Successivamente, tagliare le sezioni alla base e separare le parti morbide da quelle dure. Mettere ogni porzione in un cestello di bambù e cuocere al vapore in una pentola per 3-4 ore. Una volta leggermente raffreddate, rimuovere le ossa e scartare la carne deteriorata. Controllare attentamente il processo di cottura al vapore; rimuovere solo quando sono completamente cotte sia all'interno che all'esterno. Sciacquare bene e mettere da parte. Le pinne di squalo cotte al vapore non devono essere conservate in contenitori di ferro, poiché le reazioni chimiche possono causare macchie gialle, compromettendone la qualità.Le pinne di squalo reidratate non devono essere lasciate in ammollo nell'acqua per periodi prolungati per evitare che si deteriorino e diventino rancide.
Note:
1. Prestare attenzione nella scelta degli ingredienti; indipendentemente dalla qualità, non utilizzare mai pinne di squalo ammuffite o deteriorate.
2. Durante l'ammollo, cambiare frequentemente l'acqua calda, almeno tre volte, per evitare che l'acqua rancida causi il deterioramento.
3. Prima di stufarle, stringere bene le pinne di squalo tra due stuoie di bambù.
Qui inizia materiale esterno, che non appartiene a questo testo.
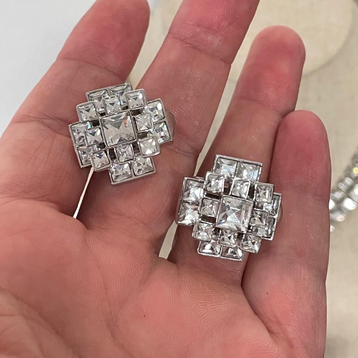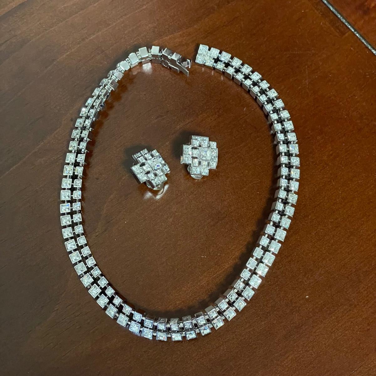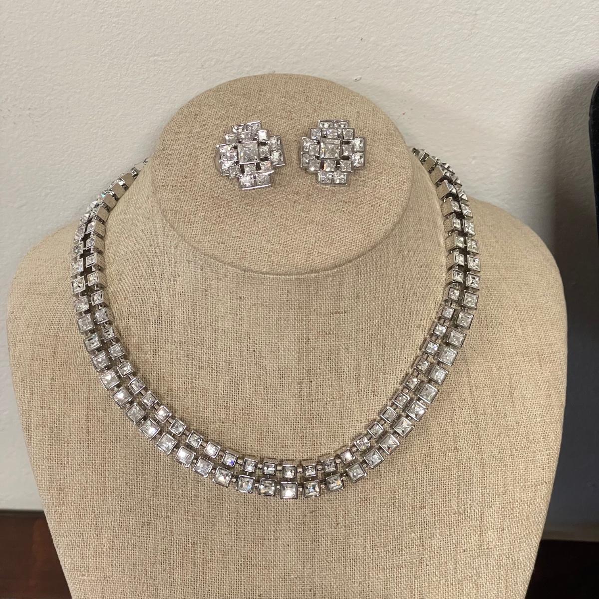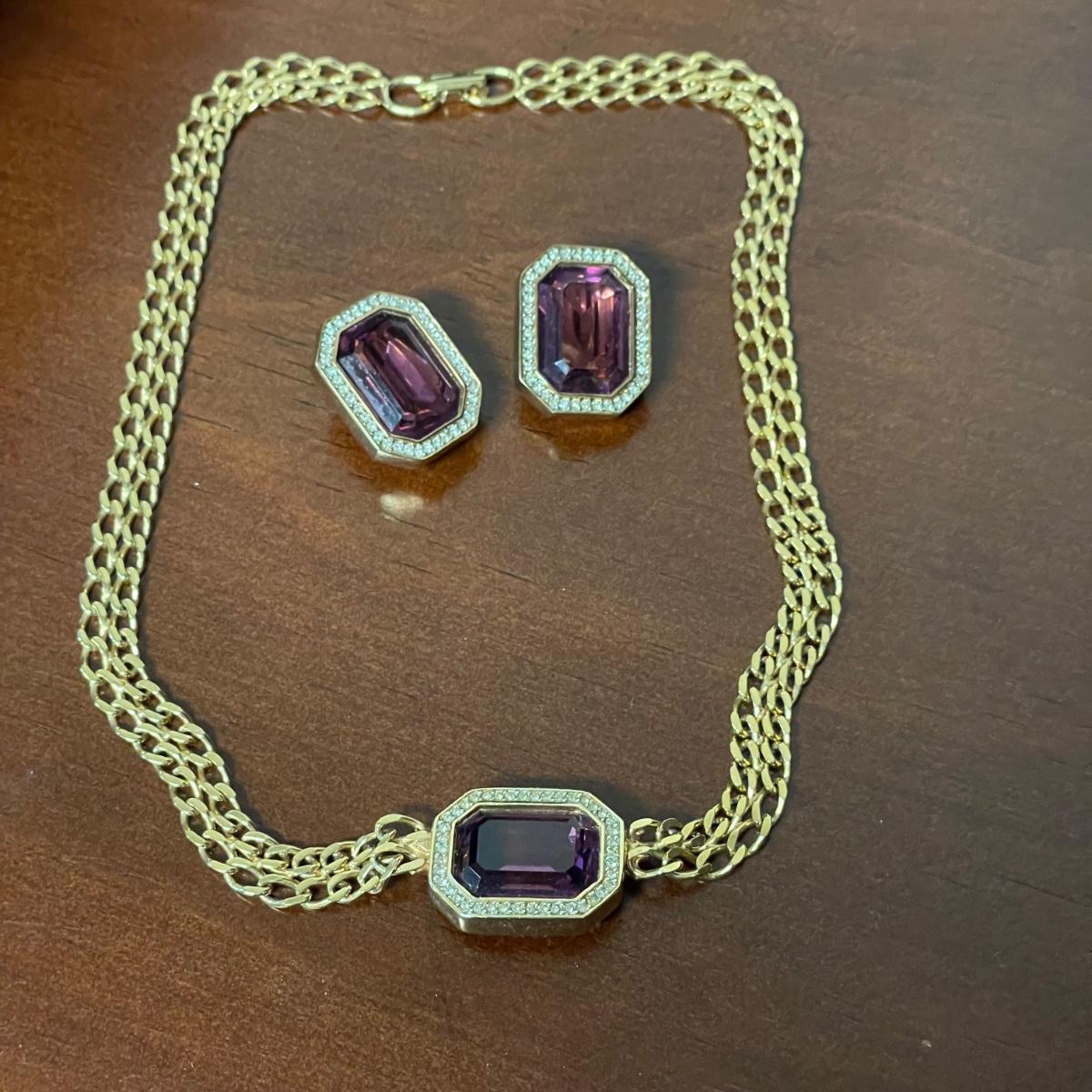 Formal sets and clip earrings. Lot includes a crystal clear rhinestone set with clip earrings and a necklace, as well as another pair of elegant black earrings all marked St John. Lot also includes a gold colored necklace and clip earring set with clear purple/pink gemstone settings and another pair of rhinestone clip earrings. See images. Shipping available. All sales are final. No returns or refunds. Please bid accordingly.

Questo impedisce che si brucino, si deformino o si disintegrino.
4. Rispettare rigorosamente i tempi di cottura: le pinne dure e vecchie richiedono 5-6 ore, mentre quelle tenere e morbide 4-5 ore.Evitare una cottura prolungata, poiché ciò potrebbe causare crepe superficiali che consentono l'ingresso di sabbia. Al contrario, una cottura insufficiente impedisce la rimozione della membrana esterna nera e della sabbia.
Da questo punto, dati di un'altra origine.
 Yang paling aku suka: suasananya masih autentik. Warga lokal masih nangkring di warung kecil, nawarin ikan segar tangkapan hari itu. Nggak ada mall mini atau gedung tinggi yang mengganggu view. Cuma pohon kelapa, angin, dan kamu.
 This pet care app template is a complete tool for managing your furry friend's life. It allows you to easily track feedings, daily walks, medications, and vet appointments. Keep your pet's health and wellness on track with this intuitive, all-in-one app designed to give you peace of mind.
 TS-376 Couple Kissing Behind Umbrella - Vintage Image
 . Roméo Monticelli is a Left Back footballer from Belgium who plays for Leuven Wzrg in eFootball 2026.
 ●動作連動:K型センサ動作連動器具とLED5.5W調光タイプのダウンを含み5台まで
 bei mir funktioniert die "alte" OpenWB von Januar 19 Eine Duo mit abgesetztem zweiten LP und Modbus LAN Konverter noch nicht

5. Cuocere a fuoco lento senza lasciare che il liquido bolla vigorosamente.Se il fuoco è troppo alto e l'acqua bolle vigorosamente, la superficie della pinna di squalo potrebbe scottarsi, rendendola molliccia e consentendo alle particelle di sabbia di penetrare nella carne della pinna, rendendo difficile raschiare la pelle e rimuovere la sabbia. Inoltre, prima dell'ammollo, le pinne di squalo devono essere separate in base alle loro dimensioni e alla loro tenerezza per consentire un ammollo separato. In caso contrario, le pinne piccole e tenere potrebbero diventare mollicce, mentre quelle dure e resistenti rimarrebbero poco ammollate.
6. Non devono essere utilizzate pentole di ferro o rame per cuocere le pinne di squalo. Le proteine contenenti zolfo presenti nelle pinne di squalo reagiscono chimicamente con il ferro o il rame, producendo composti come il solfuro di ferro. Ciò provoca la comparsa di macchie nere o gialle sulla superficie delle pinne, compromettendo la qualità del prodotto finito.Per preparare le pinne di squalo, si consiglia di utilizzare pentole di porcellana o recipienti in acciaio inossidabile per la cottura.
7. Durante la cottura o dopo la preparazione, le pinne di squalo non devono entrare in contatto con olio, alcali, sale o sostanze simili. Tale esposizione causerebbe la dissoluzione della superficie delle pinne, compromettendo la qualità del piatto.
8. Dopo la cottura a fuoco lento, quando si rimuovono i frammenti di carne e ossa, utilizzare uno spiedino di bambù per raccoglierli e separarli delicatamente, cercando di mantenere l'integrità della pinna di squalo per preservare l'aspetto estetico del piatto.
9. Dopo aver rimosso i frammenti di ossa e la sabbia, sciacquare ripetutamente la pinna di squalo con acqua pulita e risciacquarla accuratamente. Questo serve a due scopi: eliminare eventuali frammenti di ossa e sabbia rimasti e rimuovere l'odore di pesce.